Looking for a New Year's resolution?
If you want one that will actually improve your health, don't overwhelm yourself, advised employee assistance program expert Mark J. Sagor.
"Successfully changing eating, activity or smoking behaviors requires steady and sustained effort and the vagaries of motivation, and the persistence of habit frequently derail the process," he noted at the CompEAP blog.
"So if you can't rely on motivation to power your progress toward achieving your health goals what can you do? The answer is as powerful as it is counterintuitive: to make big gains you should start by thinking small."
That means that while you may have a sweeping end game in mind - losing 50 pounds, getting off insulin shots, running a marathon - a more modest New Year's resolution might be far more suitable.

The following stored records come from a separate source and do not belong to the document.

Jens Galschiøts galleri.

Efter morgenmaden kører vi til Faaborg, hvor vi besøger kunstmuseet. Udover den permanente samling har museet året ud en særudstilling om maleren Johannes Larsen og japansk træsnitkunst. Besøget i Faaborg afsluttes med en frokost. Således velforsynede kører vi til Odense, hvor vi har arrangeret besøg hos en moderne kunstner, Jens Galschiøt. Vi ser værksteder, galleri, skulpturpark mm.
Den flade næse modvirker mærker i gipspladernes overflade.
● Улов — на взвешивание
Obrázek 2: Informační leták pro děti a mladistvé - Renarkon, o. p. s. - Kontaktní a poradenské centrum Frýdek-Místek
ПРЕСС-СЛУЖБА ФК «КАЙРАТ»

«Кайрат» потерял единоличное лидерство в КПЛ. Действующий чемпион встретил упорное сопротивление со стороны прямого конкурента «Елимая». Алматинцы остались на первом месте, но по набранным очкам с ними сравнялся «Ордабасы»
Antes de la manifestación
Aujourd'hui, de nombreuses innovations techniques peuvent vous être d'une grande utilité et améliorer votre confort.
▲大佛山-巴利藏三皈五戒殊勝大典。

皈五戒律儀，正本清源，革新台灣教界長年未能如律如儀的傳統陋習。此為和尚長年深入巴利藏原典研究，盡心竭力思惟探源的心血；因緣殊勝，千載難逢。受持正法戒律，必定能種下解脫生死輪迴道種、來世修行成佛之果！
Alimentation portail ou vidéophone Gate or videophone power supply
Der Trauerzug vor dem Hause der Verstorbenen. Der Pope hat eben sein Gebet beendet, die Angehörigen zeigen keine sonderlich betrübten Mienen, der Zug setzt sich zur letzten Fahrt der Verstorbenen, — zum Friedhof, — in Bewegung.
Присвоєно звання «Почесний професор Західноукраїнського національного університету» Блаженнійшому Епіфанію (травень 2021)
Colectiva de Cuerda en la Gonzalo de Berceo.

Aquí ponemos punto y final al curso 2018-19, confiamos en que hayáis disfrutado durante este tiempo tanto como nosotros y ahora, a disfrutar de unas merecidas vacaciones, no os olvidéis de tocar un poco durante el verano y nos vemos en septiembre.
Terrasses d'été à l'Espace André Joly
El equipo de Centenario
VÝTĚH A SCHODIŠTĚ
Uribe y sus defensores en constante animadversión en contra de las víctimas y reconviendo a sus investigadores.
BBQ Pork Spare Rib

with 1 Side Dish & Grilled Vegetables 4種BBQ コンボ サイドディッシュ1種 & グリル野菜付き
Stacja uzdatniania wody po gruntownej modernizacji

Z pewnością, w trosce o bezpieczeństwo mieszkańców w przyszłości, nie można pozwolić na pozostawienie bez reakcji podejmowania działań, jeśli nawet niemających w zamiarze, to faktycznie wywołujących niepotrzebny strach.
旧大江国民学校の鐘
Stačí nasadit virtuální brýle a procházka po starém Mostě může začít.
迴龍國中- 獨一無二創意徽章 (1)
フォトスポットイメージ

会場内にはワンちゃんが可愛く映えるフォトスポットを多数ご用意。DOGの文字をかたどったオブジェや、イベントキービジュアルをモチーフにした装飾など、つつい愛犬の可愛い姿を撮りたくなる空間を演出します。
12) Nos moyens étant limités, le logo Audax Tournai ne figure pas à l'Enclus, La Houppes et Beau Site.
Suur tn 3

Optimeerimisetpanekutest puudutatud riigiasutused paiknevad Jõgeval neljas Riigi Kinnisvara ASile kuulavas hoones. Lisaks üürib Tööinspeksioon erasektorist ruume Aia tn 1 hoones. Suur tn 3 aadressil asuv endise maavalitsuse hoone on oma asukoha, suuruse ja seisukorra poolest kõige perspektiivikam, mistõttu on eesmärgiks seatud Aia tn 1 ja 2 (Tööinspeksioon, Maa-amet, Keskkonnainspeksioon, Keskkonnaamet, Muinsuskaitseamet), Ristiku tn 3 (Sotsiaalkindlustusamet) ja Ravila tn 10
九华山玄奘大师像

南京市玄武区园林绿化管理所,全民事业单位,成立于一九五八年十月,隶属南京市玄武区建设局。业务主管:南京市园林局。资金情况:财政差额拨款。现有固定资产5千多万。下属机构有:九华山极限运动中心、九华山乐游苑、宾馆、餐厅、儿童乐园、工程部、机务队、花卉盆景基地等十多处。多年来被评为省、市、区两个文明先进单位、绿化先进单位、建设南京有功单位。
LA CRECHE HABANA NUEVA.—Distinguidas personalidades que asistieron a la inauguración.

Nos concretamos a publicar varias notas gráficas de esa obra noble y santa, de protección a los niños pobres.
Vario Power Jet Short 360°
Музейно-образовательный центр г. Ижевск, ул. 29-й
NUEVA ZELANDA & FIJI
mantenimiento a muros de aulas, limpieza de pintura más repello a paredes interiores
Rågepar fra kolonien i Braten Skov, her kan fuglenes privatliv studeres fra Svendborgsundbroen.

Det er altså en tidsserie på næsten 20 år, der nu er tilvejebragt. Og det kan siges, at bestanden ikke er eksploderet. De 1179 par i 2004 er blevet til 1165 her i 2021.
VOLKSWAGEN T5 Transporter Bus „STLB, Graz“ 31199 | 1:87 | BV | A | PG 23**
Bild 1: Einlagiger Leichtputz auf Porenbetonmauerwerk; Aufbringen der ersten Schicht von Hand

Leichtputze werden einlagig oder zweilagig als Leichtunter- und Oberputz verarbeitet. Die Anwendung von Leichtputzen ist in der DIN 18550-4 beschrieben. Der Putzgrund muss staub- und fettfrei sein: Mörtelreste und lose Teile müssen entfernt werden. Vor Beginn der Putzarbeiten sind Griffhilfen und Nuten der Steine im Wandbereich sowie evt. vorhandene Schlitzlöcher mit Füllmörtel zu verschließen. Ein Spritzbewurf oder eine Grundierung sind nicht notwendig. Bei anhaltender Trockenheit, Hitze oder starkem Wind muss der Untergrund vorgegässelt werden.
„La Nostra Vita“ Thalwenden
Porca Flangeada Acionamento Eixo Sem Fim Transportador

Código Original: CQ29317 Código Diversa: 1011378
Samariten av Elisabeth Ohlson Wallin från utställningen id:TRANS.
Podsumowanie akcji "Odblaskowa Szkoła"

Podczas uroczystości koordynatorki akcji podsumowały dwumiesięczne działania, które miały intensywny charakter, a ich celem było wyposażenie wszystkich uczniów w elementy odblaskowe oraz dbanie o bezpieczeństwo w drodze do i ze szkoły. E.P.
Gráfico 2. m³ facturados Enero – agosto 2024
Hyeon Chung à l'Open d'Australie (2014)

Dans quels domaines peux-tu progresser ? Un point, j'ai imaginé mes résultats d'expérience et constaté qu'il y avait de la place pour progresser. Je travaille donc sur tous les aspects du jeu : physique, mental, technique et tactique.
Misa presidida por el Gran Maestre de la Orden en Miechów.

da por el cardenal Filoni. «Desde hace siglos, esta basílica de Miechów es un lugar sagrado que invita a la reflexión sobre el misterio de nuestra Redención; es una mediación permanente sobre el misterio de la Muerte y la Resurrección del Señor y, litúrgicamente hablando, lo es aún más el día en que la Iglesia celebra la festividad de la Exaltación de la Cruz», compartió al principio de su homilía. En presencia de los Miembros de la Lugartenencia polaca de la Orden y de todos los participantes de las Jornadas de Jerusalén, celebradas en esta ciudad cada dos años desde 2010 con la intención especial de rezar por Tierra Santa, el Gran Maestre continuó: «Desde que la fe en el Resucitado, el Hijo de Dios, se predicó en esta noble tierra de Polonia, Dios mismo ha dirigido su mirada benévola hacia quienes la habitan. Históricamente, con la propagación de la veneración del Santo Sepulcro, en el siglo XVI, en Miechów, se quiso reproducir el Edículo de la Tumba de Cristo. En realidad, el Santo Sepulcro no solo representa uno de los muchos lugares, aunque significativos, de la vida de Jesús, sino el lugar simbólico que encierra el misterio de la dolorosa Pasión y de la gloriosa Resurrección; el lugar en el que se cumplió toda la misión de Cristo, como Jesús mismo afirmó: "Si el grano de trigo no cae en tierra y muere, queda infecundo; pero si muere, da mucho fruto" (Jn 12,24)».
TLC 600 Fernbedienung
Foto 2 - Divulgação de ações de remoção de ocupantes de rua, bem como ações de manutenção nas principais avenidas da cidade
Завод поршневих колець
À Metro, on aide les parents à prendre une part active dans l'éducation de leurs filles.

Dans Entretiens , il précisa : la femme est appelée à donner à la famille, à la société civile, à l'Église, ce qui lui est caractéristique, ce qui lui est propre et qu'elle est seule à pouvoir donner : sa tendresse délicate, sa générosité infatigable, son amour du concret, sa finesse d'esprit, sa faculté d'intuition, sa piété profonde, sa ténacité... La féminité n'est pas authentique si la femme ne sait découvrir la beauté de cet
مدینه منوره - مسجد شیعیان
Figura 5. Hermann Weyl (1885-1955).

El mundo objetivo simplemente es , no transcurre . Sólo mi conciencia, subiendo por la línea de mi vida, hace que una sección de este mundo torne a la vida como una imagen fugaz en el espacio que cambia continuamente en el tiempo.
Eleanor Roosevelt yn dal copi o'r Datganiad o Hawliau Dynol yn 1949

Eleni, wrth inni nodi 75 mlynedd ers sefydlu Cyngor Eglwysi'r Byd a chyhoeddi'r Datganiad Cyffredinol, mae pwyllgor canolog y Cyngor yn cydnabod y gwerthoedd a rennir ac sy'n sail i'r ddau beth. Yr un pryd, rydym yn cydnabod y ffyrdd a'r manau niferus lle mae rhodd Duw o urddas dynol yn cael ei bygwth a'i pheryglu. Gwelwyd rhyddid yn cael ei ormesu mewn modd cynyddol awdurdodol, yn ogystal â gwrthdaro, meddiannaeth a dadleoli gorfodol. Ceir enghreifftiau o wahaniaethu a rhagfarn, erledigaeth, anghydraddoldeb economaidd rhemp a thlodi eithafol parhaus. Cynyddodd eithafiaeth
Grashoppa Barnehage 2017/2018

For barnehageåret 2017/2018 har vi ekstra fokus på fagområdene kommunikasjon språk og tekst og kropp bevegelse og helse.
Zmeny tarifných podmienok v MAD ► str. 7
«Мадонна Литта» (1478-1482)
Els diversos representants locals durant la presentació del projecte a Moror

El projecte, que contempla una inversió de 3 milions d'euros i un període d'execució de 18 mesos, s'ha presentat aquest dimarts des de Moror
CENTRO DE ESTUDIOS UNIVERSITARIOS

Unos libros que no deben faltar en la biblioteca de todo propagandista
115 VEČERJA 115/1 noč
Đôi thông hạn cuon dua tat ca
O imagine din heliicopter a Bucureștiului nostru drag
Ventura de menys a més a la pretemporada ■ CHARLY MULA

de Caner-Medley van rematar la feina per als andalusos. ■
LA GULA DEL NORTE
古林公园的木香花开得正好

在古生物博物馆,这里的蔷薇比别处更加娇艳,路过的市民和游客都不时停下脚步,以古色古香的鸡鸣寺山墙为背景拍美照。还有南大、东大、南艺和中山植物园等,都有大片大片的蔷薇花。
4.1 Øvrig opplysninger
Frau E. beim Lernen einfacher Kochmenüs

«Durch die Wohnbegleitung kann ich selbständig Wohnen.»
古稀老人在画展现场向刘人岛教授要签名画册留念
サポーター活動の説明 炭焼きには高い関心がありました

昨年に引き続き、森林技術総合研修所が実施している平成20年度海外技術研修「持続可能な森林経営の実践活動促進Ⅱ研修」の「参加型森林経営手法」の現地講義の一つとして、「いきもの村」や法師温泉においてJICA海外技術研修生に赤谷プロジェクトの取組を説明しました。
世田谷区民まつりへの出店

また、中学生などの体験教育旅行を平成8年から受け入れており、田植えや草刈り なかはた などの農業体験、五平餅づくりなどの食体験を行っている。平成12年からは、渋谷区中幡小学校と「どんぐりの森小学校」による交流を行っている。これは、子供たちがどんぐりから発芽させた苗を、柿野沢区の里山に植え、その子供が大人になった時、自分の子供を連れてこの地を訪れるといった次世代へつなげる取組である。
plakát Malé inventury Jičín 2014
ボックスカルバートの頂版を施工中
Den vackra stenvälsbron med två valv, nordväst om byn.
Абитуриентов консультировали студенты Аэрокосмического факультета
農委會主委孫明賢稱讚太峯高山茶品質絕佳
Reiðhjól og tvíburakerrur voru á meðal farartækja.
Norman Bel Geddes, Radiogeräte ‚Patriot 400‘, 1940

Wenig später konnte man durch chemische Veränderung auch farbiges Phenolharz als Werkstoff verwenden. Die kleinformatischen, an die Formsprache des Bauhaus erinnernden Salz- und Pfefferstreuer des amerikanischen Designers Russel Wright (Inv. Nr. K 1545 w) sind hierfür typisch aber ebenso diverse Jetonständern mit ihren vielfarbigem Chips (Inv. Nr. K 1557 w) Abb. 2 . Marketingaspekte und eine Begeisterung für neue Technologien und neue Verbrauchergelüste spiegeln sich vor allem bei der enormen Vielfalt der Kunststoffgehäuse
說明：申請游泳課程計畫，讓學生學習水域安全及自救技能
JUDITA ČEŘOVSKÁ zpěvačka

Here are seven goals that are minor, yet beneficial. All of them will encourage sustained effort and help with larger goals down the road:
Start walking around at work
Sure, walking two or three miles a day would be a great habit for the New Year. But if you're not ready to immerse yourself in walking, How Stuff Works Health notes that "Significant health benefits can be realized by simply ceasing to sit and starting to move. The risk of developing heart disease, high blood pressure, non-insulin-dependent diabetes, and colon and breast cancers can be reduced just by becoming more physically active." These three habits from Health.com will start you in the right direction:
- Use the restroom one floor down (or up) at work instead of heading for the one just down the hall
- Ditto with your coffee
- Walk over to your coworker's desk instead of e-mailing her
Make a simple sugar-replacement shake each afternoon
To avoid the negative health impact of too much sugar in the diet - including higher risk of heart disease - the American Heart Association recommends a daily target of no more than six level teaspoons for women, and nine for men. But instead of a sweeping ban on all processed sugar, which is bound to backfire, resolve to take one simple step to cut down on sugar. AHA recommends sipping smoothies in the afternoon instead of having a sugary snack or sweetened coffee drink. Blend a half cup of frozen fruit (no added sugar) with 1/2 cup plain, unsweetened, low-fat Greek yogurt and 1/2 cup low-fat milk. Don't have a blender? Try mixing small pieces of fresh fruit with yogurt and milk and freezing for an hour.
Start making your own salad dressing
The heart health benefits of replacing saturated and trans fats with unsaturated fats, such as monounsaturated fatty acids (MUFAs) and polyunsaturated fats (PUFAs) are legion, from reducing the risk of heart disease to benefiting insulin levels and blood sugar controls. Still, it can seem overwhelming to introduce the MUFA/PUFA habit all at once. Instead, make the simpler change of switching to homemade salad dressing made with olive oil. Use it on all your homemade salads and as a marinade. After a month has gone by, consider switching to olive oil in other recipes, from pan popcorn to stir-fries and homemade pasta sauce.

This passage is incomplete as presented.